» **Exercise description**
Please output the lines from the one with "肌寒い朝を迎えた16日午前、" through the end of the data exactly as written, omitting all pictures.

[Collected data]
================================

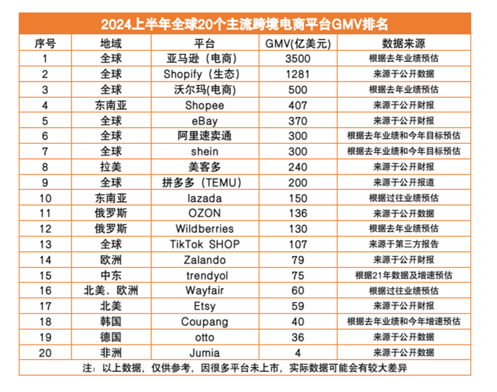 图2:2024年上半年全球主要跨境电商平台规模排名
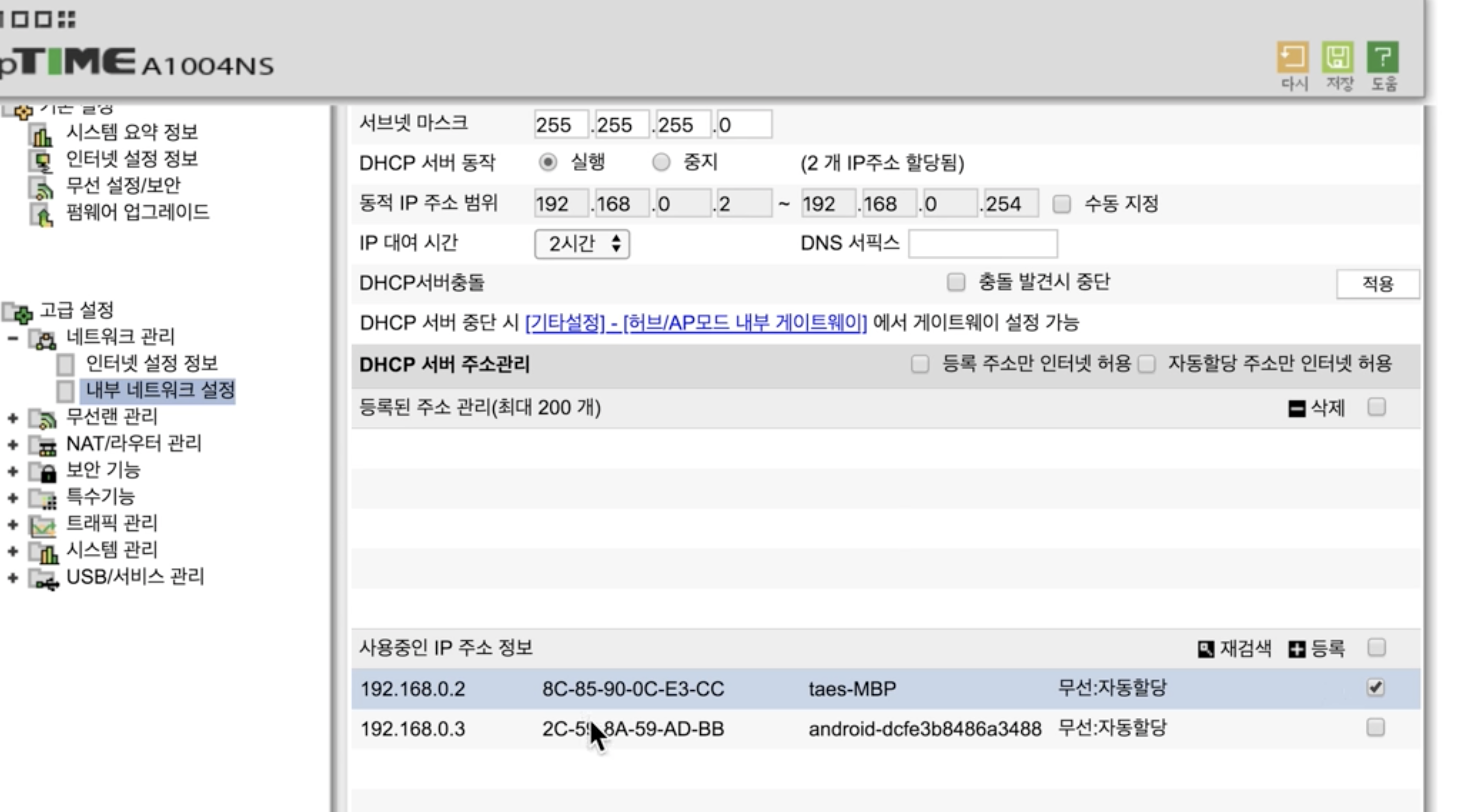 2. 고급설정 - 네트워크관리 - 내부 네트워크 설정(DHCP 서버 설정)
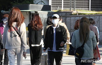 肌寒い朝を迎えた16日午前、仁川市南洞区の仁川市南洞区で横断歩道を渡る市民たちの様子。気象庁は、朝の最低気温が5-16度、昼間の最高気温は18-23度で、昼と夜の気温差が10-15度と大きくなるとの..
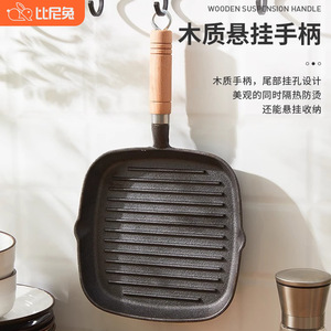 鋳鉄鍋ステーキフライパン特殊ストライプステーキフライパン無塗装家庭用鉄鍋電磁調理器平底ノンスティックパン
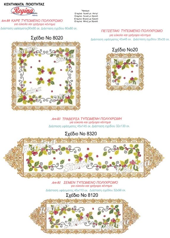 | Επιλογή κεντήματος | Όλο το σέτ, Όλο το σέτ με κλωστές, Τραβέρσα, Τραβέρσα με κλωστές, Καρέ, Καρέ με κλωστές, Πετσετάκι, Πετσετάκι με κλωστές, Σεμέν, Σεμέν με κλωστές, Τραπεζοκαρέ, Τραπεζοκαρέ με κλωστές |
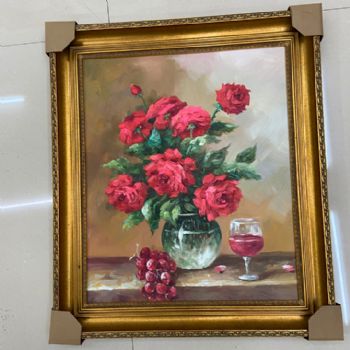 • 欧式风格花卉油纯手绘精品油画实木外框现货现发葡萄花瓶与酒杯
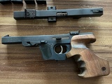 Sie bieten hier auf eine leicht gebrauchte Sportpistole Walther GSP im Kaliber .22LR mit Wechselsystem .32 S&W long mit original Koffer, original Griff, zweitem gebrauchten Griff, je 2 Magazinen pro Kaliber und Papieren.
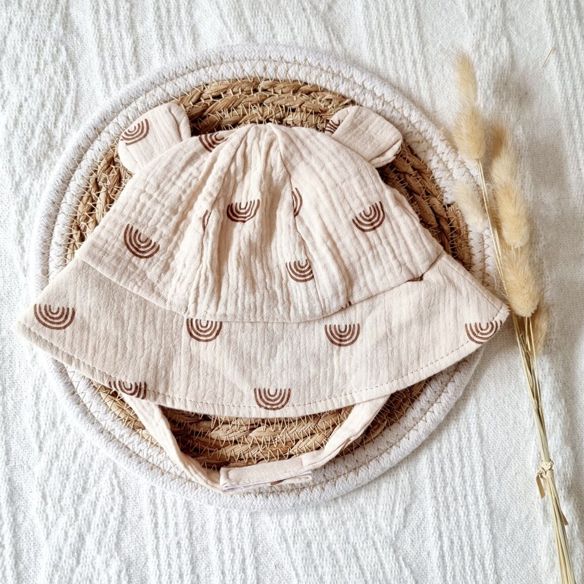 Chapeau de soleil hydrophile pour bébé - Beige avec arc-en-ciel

================================

» **Answer to this problem**
 肌寒い朝を迎えた16日午前、仁川市南洞区の仁川市南洞区で横断歩道を渡る市民たちの様子。気象庁は、朝の最低気温が5-16度、昼間の最高気温は18-23度で、昼と夜の気温差が10-15度と大きくなるとの..
 鋳鉄鍋ステーキフライパン特殊ストライプステーキフライパン無塗装家庭用鉄鍋電磁調理器平底ノンスティックパン
 | Επιλογή κεντήματος | Όλο το σέτ, Όλο το σέτ με κλωστές, Τραβέρσα, Τραβέρσα με κλωστές, Καρέ, Καρέ με κλωστές, Πετσετάκι, Πετσετάκι με κλωστές, Σεμέν, Σεμέν με κλωστές, Τραπεζοκαρέ, Τραπεζοκαρέ με κλωστές |
 • 欧式风格花卉油纯手绘精品油画实木外框现货现发葡萄花瓶与酒杯
 Sie bieten hier auf eine leicht gebrauchte Sportpistole Walther GSP im Kaliber .22LR mit Wechselsystem .32 S&W long mit original Koffer, original Griff, zweitem gebrauchten Griff, je 2 Magazinen pro Kaliber und Papieren.
 Chapeau de soleil hydrophile pour bébé - Beige avec arc-en-ciel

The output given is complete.